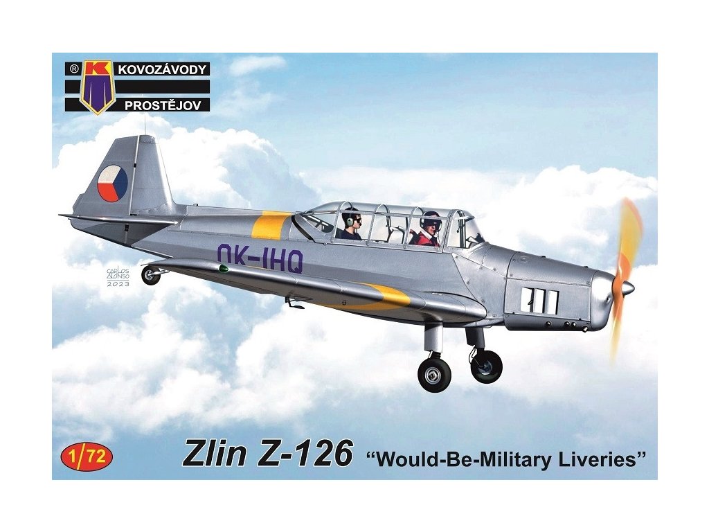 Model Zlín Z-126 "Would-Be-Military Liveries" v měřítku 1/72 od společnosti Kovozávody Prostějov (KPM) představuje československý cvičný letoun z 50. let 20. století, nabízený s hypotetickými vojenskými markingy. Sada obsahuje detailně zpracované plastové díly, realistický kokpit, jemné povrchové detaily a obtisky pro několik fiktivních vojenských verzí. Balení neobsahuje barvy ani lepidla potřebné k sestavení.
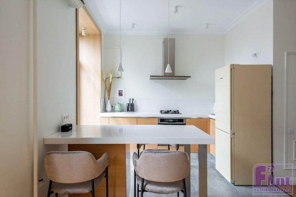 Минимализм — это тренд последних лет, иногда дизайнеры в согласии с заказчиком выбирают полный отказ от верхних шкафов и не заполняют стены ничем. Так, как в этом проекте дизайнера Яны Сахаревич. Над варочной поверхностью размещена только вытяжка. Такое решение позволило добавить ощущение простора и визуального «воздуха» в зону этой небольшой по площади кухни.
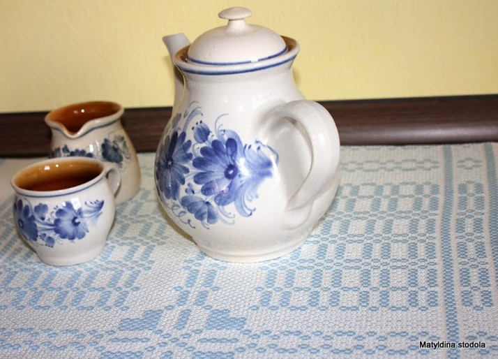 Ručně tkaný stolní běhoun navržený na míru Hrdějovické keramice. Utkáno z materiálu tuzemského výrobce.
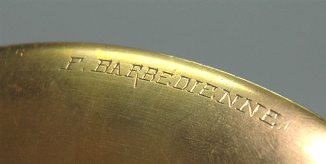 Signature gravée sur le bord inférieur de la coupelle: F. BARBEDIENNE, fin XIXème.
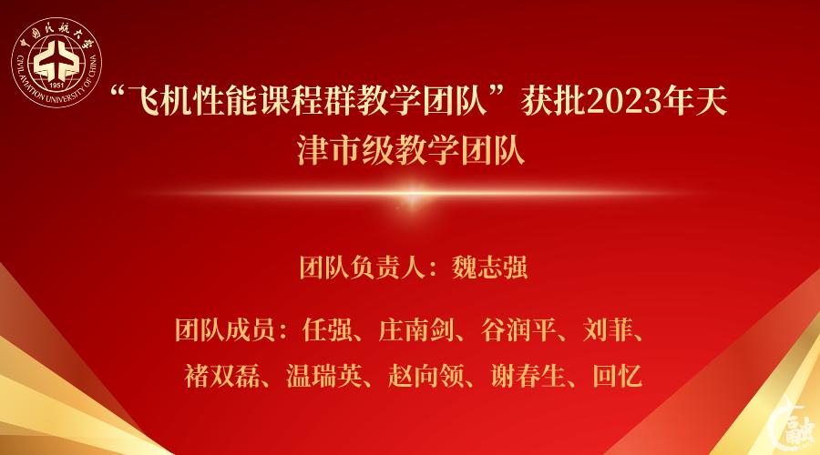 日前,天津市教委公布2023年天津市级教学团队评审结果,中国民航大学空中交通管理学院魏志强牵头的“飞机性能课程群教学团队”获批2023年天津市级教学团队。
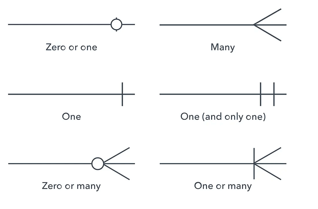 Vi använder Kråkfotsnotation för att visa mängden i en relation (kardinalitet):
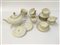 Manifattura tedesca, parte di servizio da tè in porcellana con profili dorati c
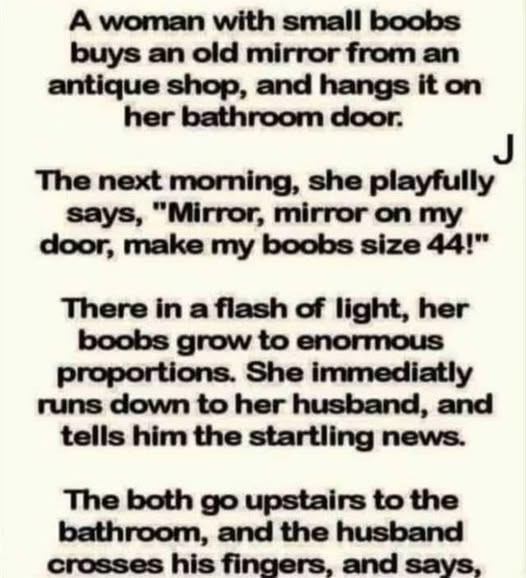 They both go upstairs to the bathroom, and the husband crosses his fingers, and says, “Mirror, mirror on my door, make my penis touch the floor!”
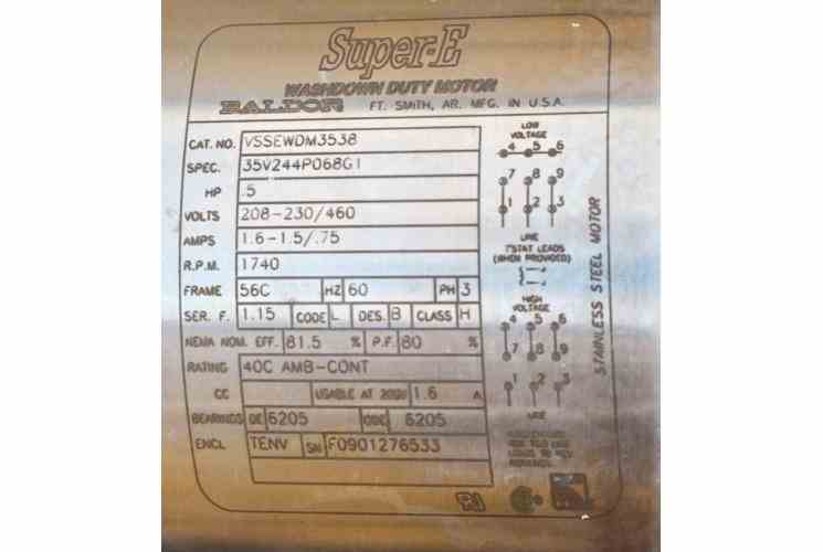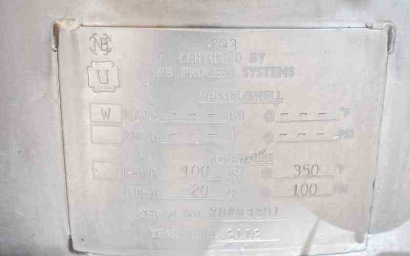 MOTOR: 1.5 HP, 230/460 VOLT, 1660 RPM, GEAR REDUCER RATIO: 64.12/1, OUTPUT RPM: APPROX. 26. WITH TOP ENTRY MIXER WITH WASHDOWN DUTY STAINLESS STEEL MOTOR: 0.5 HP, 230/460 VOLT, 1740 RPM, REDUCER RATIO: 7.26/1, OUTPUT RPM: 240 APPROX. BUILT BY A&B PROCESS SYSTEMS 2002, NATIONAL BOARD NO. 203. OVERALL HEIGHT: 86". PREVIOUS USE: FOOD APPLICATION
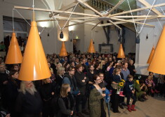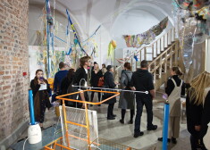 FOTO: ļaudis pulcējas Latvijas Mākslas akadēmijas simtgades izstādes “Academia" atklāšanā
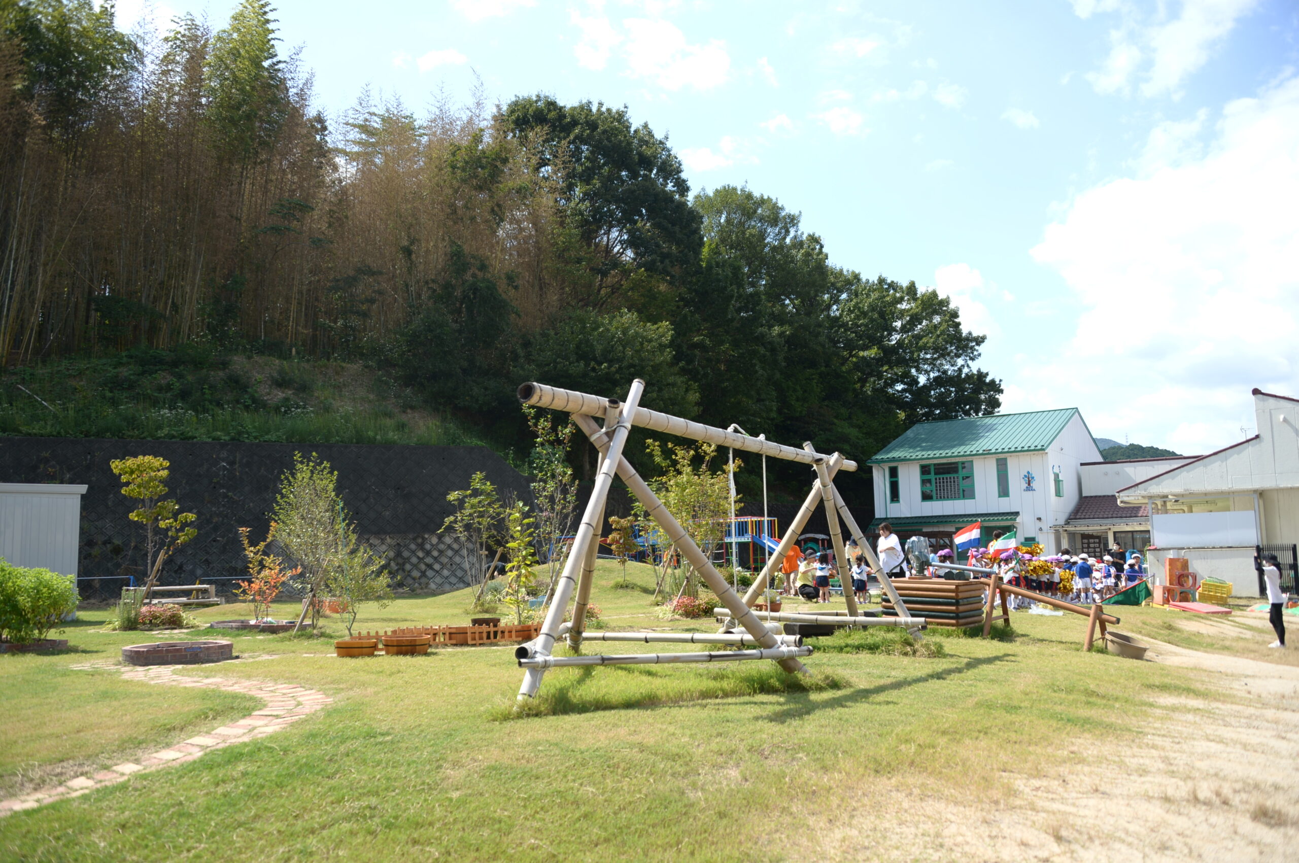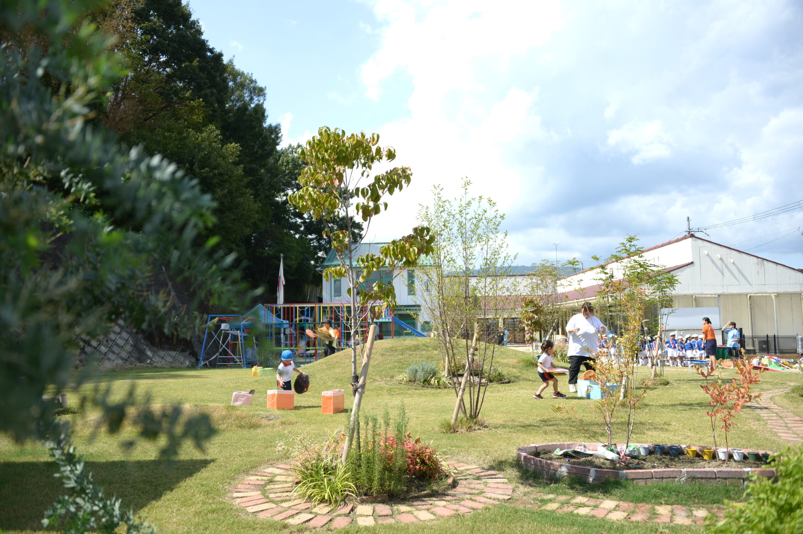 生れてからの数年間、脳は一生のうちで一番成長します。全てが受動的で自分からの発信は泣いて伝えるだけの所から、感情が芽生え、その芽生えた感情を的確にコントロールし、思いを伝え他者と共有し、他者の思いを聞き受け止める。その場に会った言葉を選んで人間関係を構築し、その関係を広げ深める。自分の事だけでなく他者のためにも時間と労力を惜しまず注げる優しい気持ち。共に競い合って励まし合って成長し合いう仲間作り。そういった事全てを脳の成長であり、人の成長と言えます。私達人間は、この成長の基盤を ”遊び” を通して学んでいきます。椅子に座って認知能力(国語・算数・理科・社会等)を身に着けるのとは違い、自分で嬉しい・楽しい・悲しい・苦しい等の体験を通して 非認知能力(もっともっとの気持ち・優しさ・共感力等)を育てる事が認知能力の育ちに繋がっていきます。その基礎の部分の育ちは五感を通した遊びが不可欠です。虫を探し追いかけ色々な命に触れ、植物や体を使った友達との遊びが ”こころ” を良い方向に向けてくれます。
# # # # #
● **Work order**: Copy exactly the lines from the one containing "Минимализм — это" through the last line of the records above, including both, and omit every picture.

● **Result of the exercise**:
 Минимализм — это тренд последних лет, иногда дизайнеры в согласии с заказчиком выбирают полный отказ от верхних шкафов и не заполняют стены ничем. Так, как в этом проекте дизайнера Яны Сахаревич. Над варочной поверхностью размещена только вытяжка. Такое решение позволило добавить ощущение простора и визуального «воздуха» в зону этой небольшой по площади кухни.
 Ručně tkaný stolní běhoun navržený na míru Hrdějovické keramice. Utkáno z materiálu tuzemského výrobce.
 Signature gravée sur le bord inférieur de la coupelle: F. BARBEDIENNE, fin XIXème.
 日前,天津市教委公布2023年天津市级教学团队评审结果,中国民航大学空中交通管理学院魏志强牵头的“飞机性能课程群教学团队”获批2023年天津市级教学团队。
 Vi använder Kråkfotsnotation för att visa mängden i en relation (kardinalitet):
 Manifattura tedesca, parte di servizio da tè in porcellana con profili dorati c
 They both go upstairs to the bathroom, and the husband crosses his fingers, and says, “Mirror, mirror on my door, make my penis touch the floor!”
 MOTOR: 1.5 HP, 230/460 VOLT, 1660 RPM, GEAR REDUCER RATIO: 64.12/1, OUTPUT RPM: APPROX. 26. WITH TOP ENTRY MIXER WITH WASHDOWN DUTY STAINLESS STEEL MOTOR: 0.5 HP, 230/460 VOLT, 1740 RPM, REDUCER RATIO: 7.26/1, OUTPUT RPM: 240 APPROX. BUILT BY A&B PROCESS SYSTEMS 2002, NATIONAL BOARD NO. 203. OVERALL HEIGHT: 86". PREVIOUS USE: FOOD APPLICATION
 FOTO: ļaudis pulcējas Latvijas Mākslas akadēmijas simtgades izstādes “Academia" atklāšanā
 生れてからの数年間、脳は一生のうちで一番成長します。全てが受動的で自分からの発信は泣いて伝えるだけの所から、感情が芽生え、その芽生えた感情を的確にコントロールし、思いを伝え他者と共有し、他者の思いを聞き受け止める。その場に会った言葉を選んで人間関係を構築し、その関係を広げ深める。自分の事だけでなく他者のためにも時間と労力を惜しまず注げる優しい気持ち。共に競い合って励まし合って成長し合いう仲間作り。そういった事全てを脳の成長であり、人の成長と言えます。私達人間は、この成長の基盤を ”遊び” を通して学んでいきます。椅子に座って認知能力(国語・算数・理科・社会等)を身に着けるのとは違い、自分で嬉しい・楽しい・悲しい・苦しい等の体験を通して 非認知能力(もっともっとの気持ち・優しさ・共感力等)を育てる事が認知能力の育ちに繋がっていきます。その基礎の部分の育ちは五感を通した遊びが不可欠です。虫を探し追いかけ色々な命に触れ、植物や体を使った友達との遊びが ”こころ” を良い方向に向けてくれます。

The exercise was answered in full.